- Work instruction: Look below for the line that has "4時半頃から雨が激しく振って"; output exactly from it through the line that has "2011 canadian $2", and leave the pictures out.
━━━━━ Exercise material
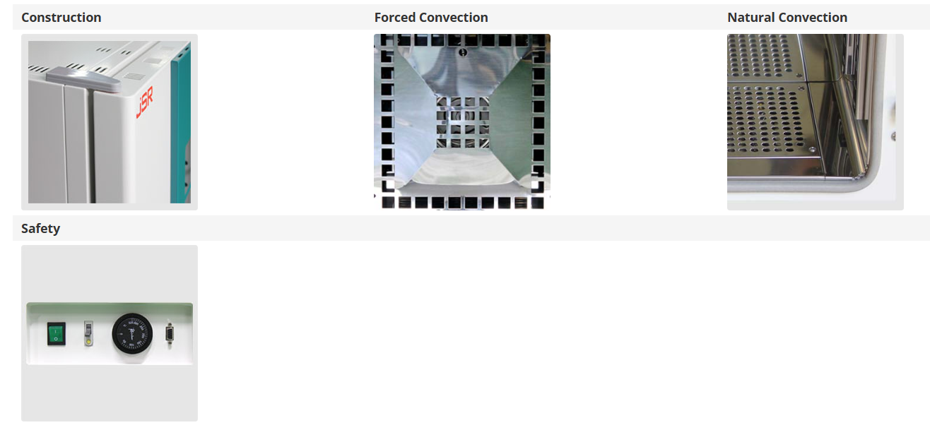 Oven, Forced or Natural (Gravity) Convection, Temperature Range ambient +10 °C to +250 °C, Chamber Volume 30, 50 liters.
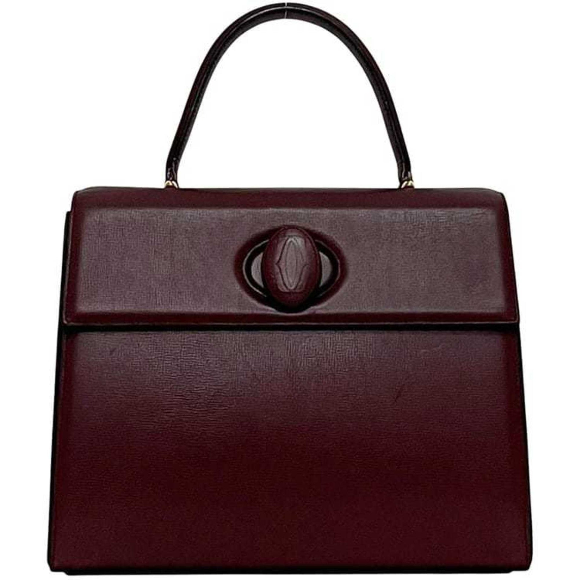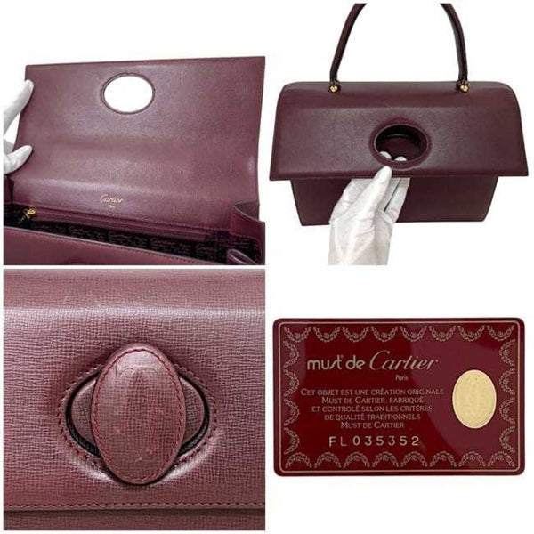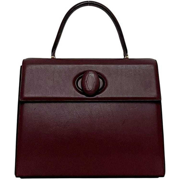 Cartier handbag f-24458 Bordeaux Must leather with flap and turnlock, grained leather, wine red, for women
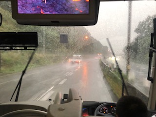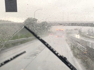 4時半頃から雨が激しく振ってきました。(天理東)対向車はライトをつけて走行しています。
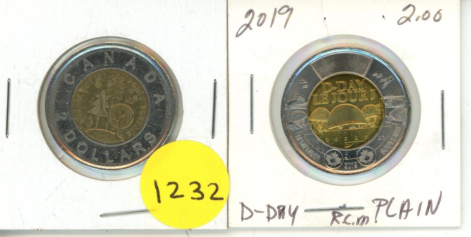 2011 canadian $2 boreal forest toonie and 2019 canadian $2-75th anniversary of D-day
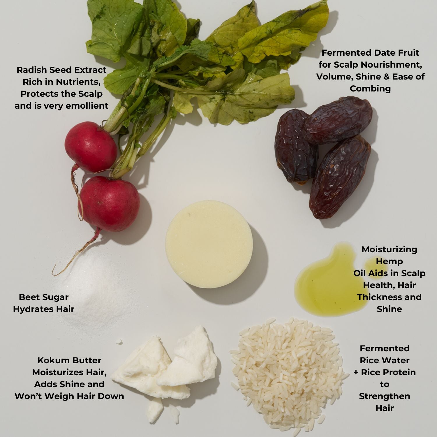 cetyl alcohol, behentrimonium methosulfate*, kokum butter, cannabis sativa (hemp) seed oil, raphanus sativus (radish) seed extract, sambucus nigra fruit extract, limnanthes alba (meadowfoam) seed oil, dl-panthenol, hydroxypropyltrimonium honey, lactobacillus/ date fruit ferment extract, hydrolyzed quinoa protein, oryza sativa (rice) water, hydrolyzed rice protein, leuconostoc/radish root ferment filtrate, saccharomyces ferment, lactobacillus ferment
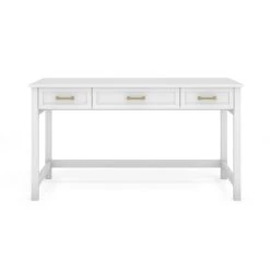 The Martha Stewart Hutton Home Office Desk adds timeless elegance and functional storage to any workspace. The trend-forward finish and complementary hardware elevate your decor with thoughtful touches that get noticed. Ample storage is provided in a wide, top-center pull-out drawer and two side pull-out drawers for keeping your work surfaces tidy. Pair with the Hutton bookcase and file cabinet for a total home office refresh. Drawer glides are pre-assembled to save time during assembly, which is made easy with the included tools and step-by-step instructions.
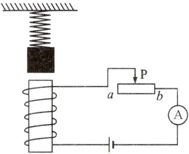 4. 如图,给电磁铁通电,铁块及弹簧在图中位置静止。当滑动变阻器的滑片P向a端滑动时,关于电流表示数和弹簧长度的变化情况,下列说法正确的是( )。
━━━━━━━━━━
- Task solution:
 4時半頃から雨が激しく振ってきました。(天理東)対向車はライトをつけて走行しています。
 2011 canadian $2 boreal forest toonie and 2019 canadian $2-75th anniversary of D-day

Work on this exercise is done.